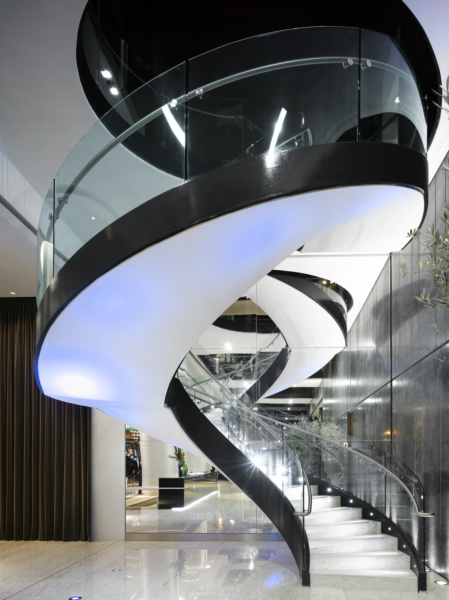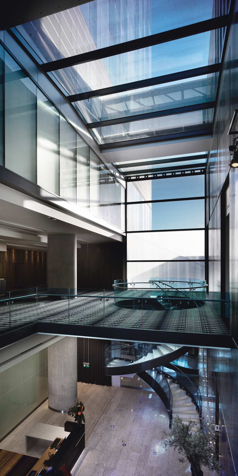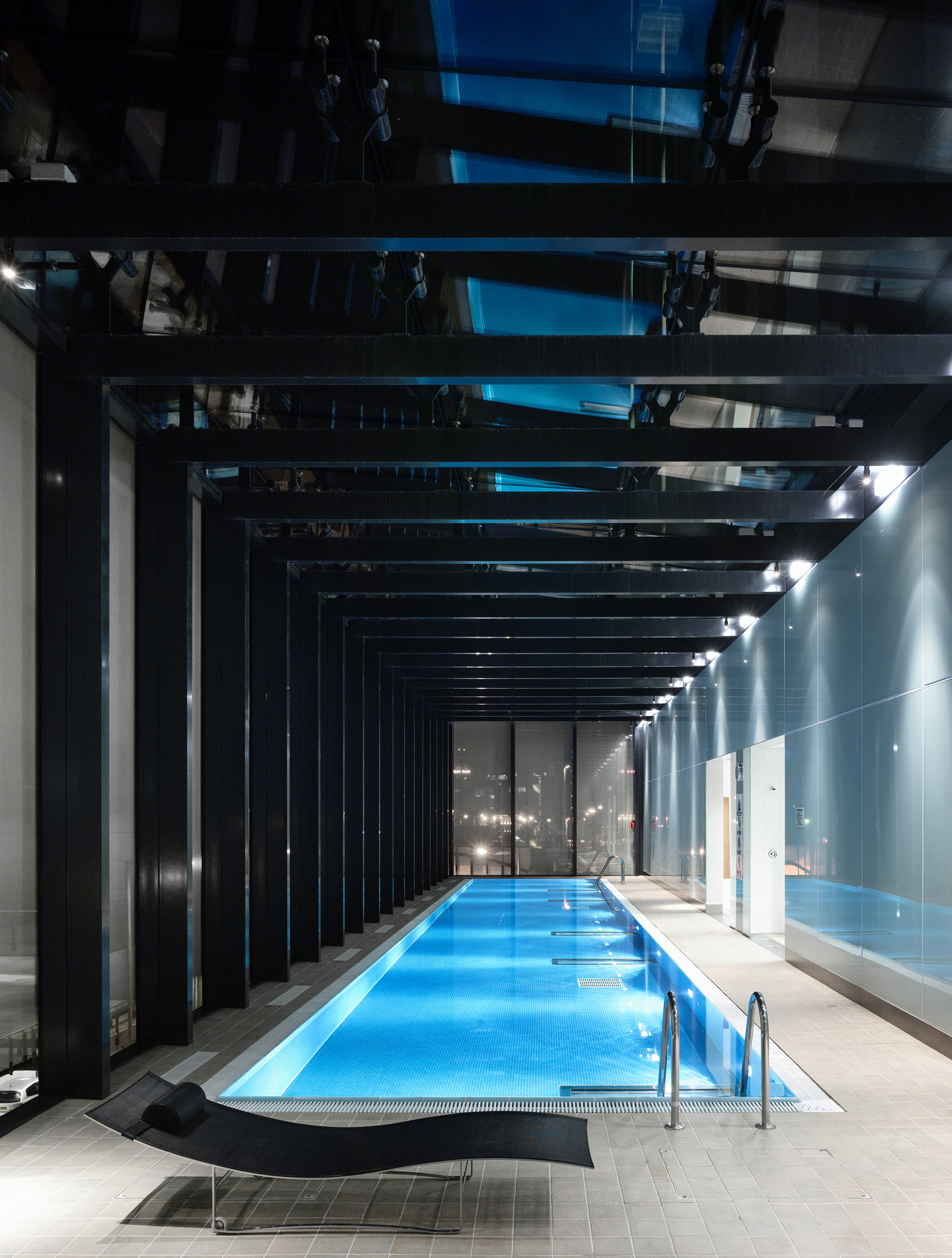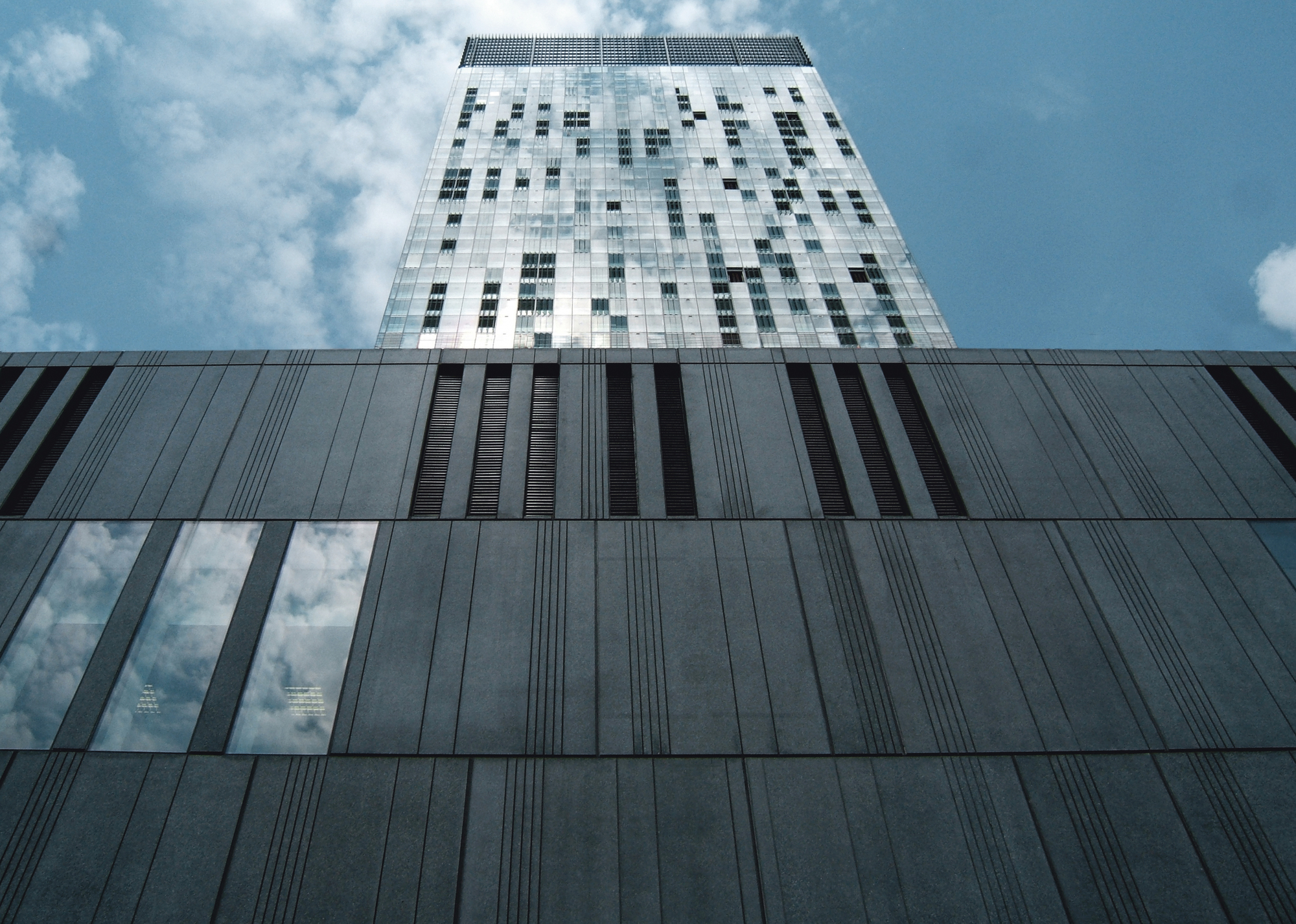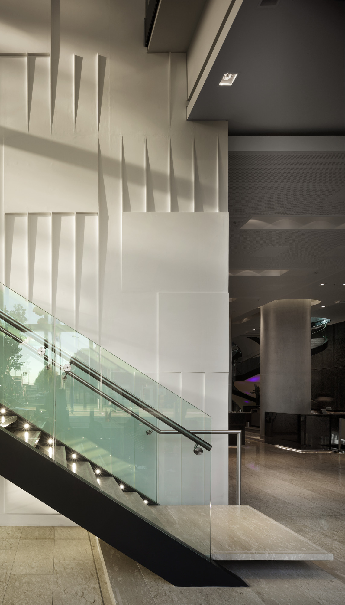 The envelope comprises a glazed skin that hints at the different aspects of the façade without disrupting the simplicity of the building form. The composition of transparent and solid elements emphasises the tower’s verticality and defines a grand scale that transcends that of an individual apartment or guest bedroom. A further level of refinement is provided by contrasting reflections and shadows from vertical opening louvres, perforated metal panels and solar shading fins.
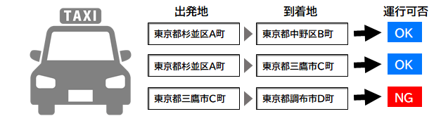 「一般旅客自動車運送事業者は、発地及び着地のいずれもがその営業区域外に存する旅客の運送(路線を定めて行うものを除く)をしてはならない。」(道路運送法(第20条:禁止行為))
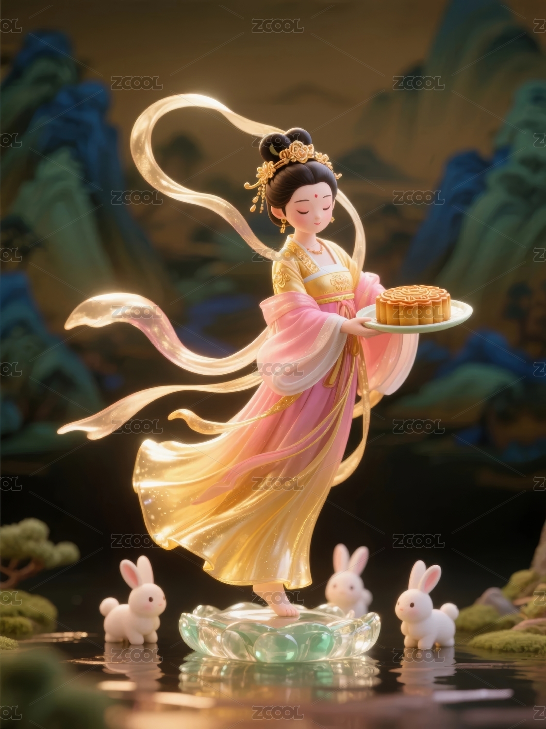 中秋节,嫦娥,玉兔,节日,传统,神话,仙女,可爱,古风,国风
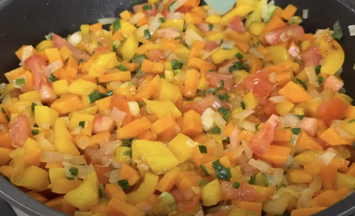 - Moliūgą, morką, svogūną, papriką ir pomidorą supjaustykite mažais kubeliais.
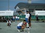 この的の穴に向かい、5m離れたところから、各自2球、玉を投げ込みます。
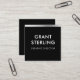Make a bold first impression with this sleek square business card featuring clean white typography on a deep black background, accented by a refined silver foil strip. With a built-in QR code and minimalist layout, it's designed for professionals who value both style and functionality.
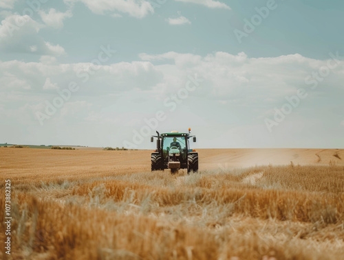 © Галина Нечипорук, Obraz premium A farmer working the fields on a tractor.
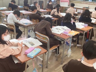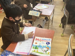 算数のプリント直しをしたり、「子どもを守る動物たち」を読んで、一番気に入った子どもの守り方をまとめたり、漢字の復習をしたりしました。課題に向かって自分の力で進めることができています。
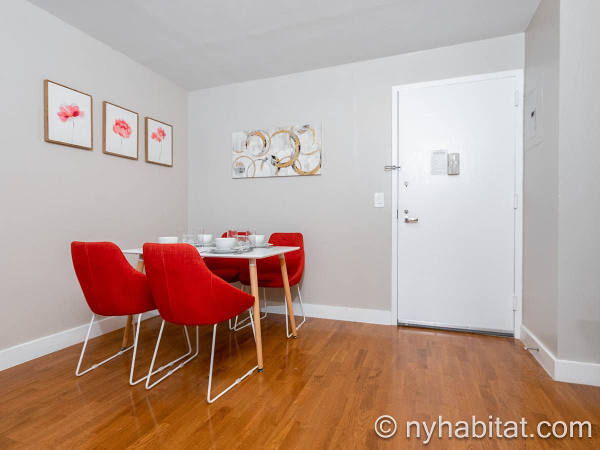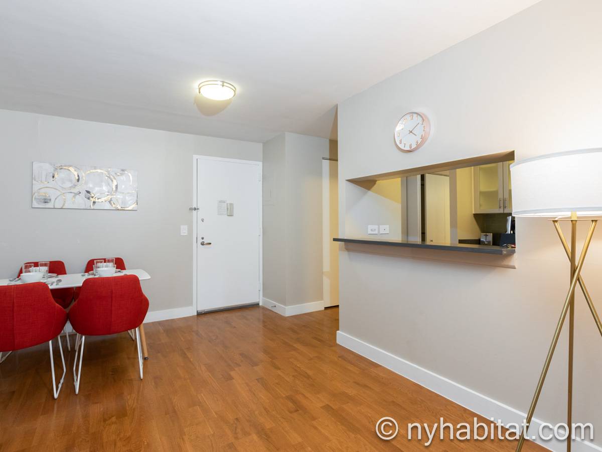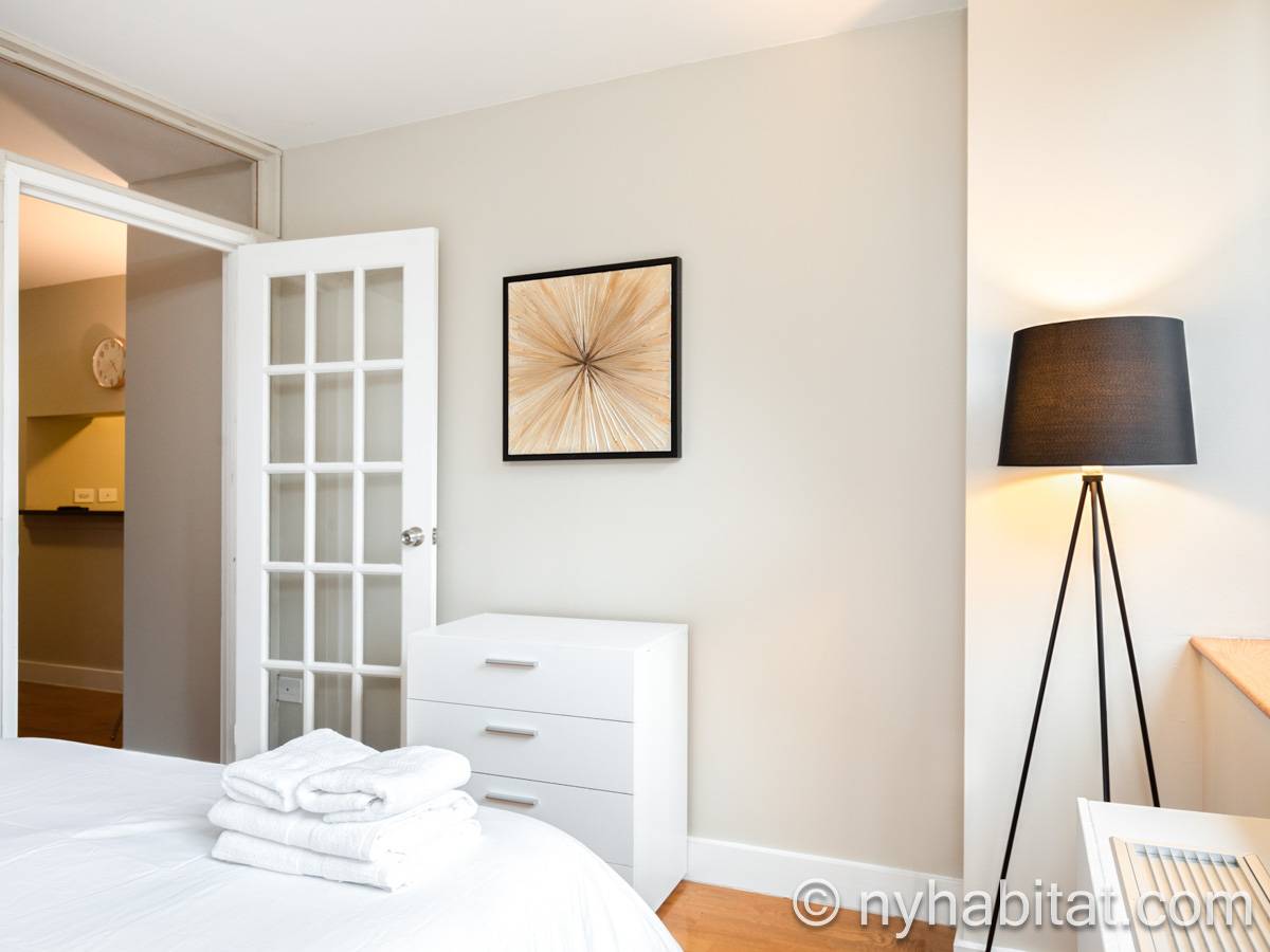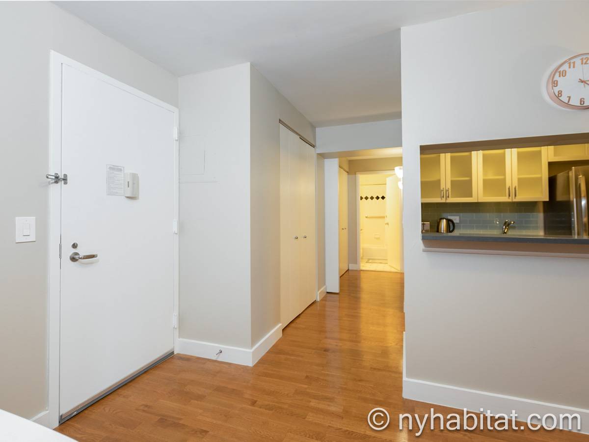 Cerca de la esquina de la 89th Street y la Amsterdam Avenue se sitúa este apartamento de 1 dormitorio y 1 baño en alquiler. Este apartamento amueblado de Manhattan está ubicado en el Upper West Side de Nueva York en el quinto piso (cuarto piso en Europa) de un edificio con ascensor que tiene servicios de lavandería, un gimnasio y un portero.

◆ ◆ ◆ ◆ ◆

-- EXERCISE REQUIREMENTS --
In your answer, copy exactly the lines running from the line with "Make a bold" to the end of the material above, both included, and omit all pictures.

-- REPLY --
Make a bold first impression with this sleek square business card featuring clean white typography on a deep black background, accented by a refined silver foil strip. With a built-in QR code and minimalist layout, it's designed for professionals who value both style and functionality.
 © Галина Нечипорук, Obraz premium A farmer working the fields on a tractor.
 算数のプリント直しをしたり、「子どもを守る動物たち」を読んで、一番気に入った子どもの守り方をまとめたり、漢字の復習をしたりしました。課題に向かって自分の力で進めることができています。
 Cerca de la esquina de la 89th Street y la Amsterdam Avenue se sitúa este apartamento de 1 dormitorio y 1 baño en alquiler. Este apartamento amueblado de Manhattan está ubicado en el Upper West Side de Nueva York en el quinto piso (cuarto piso en Europa) de un edificio con ascensor que tiene servicios de lavandería, un gimnasio y un portero.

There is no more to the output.